• **RECORDS TO PROCESS**
——————

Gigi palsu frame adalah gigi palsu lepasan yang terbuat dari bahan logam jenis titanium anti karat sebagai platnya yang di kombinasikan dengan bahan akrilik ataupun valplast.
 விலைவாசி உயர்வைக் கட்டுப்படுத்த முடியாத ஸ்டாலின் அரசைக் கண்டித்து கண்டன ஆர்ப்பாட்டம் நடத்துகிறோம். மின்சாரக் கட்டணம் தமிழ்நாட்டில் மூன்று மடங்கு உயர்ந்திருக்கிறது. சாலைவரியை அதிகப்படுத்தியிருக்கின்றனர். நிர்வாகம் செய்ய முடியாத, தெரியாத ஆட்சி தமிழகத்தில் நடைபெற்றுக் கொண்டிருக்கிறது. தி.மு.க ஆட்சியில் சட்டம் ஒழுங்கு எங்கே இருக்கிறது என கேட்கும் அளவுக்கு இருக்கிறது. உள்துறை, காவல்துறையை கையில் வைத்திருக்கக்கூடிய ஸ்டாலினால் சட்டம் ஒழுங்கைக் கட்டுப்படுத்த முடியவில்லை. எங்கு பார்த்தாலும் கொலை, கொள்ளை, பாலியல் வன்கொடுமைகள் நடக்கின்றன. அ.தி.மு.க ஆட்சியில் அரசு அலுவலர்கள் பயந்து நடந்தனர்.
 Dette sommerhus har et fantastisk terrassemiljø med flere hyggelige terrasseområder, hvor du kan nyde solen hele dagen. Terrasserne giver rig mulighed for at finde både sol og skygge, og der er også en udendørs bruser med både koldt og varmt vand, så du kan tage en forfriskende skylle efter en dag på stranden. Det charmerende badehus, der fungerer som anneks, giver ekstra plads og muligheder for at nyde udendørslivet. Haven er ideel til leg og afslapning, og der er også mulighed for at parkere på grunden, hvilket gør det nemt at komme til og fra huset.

——————

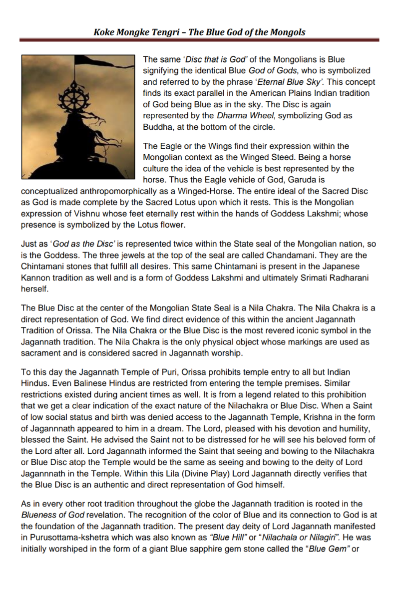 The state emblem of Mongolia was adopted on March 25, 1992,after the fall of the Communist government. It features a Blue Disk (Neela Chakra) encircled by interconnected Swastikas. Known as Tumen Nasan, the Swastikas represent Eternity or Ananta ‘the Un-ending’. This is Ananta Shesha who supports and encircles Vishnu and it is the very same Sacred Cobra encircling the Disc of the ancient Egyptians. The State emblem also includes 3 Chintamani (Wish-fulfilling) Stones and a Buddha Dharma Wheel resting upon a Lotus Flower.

——————

• **WORK TASK**
Give an exact copy of the lines above from the line with "Gigi palsu frame" up to and including the line with "Dette sommerhus har", and leave everything else out.

• **RESULT**
Gigi palsu frame adalah gigi palsu lepasan yang terbuat dari bahan logam jenis titanium anti karat sebagai platnya yang di kombinasikan dengan bahan akrilik ataupun valplast.
 விலைவாசி உயர்வைக் கட்டுப்படுத்த முடியாத ஸ்டாலின் அரசைக் கண்டித்து கண்டன ஆர்ப்பாட்டம் நடத்துகிறோம். மின்சாரக் கட்டணம் தமிழ்நாட்டில் மூன்று மடங்கு உயர்ந்திருக்கிறது. சாலைவரியை அதிகப்படுத்தியிருக்கின்றனர். நிர்வாகம் செய்ய முடியாத, தெரியாத ஆட்சி தமிழகத்தில் நடைபெற்றுக் கொண்டிருக்கிறது. தி.மு.க ஆட்சியில் சட்டம் ஒழுங்கு எங்கே இருக்கிறது என கேட்கும் அளவுக்கு இருக்கிறது. உள்துறை, காவல்துறையை கையில் வைத்திருக்கக்கூடிய ஸ்டாலினால் சட்டம் ஒழுங்கைக் கட்டுப்படுத்த முடியவில்லை. எங்கு பார்த்தாலும் கொலை, கொள்ளை, பாலியல் வன்கொடுமைகள் நடக்கின்றன. அ.தி.மு.க ஆட்சியில் அரசு அலுவலர்கள் பயந்து நடந்தனர்.
 Dette sommerhus har et fantastisk terrassemiljø med flere hyggelige terrasseområder, hvor du kan nyde solen hele dagen. Terrasserne giver rig mulighed for at finde både sol og skygge, og der er også en udendørs bruser med både koldt og varmt vand, så du kan tage en forfriskende skylle efter en dag på stranden. Det charmerende badehus, der fungerer som anneks, giver ekstra plads og muligheder for at nyde udendørslivet. Haven er ideel til leg og afslapning, og der er også mulighed for at parkere på grunden, hvilket gør det nemt at komme til og fra huset.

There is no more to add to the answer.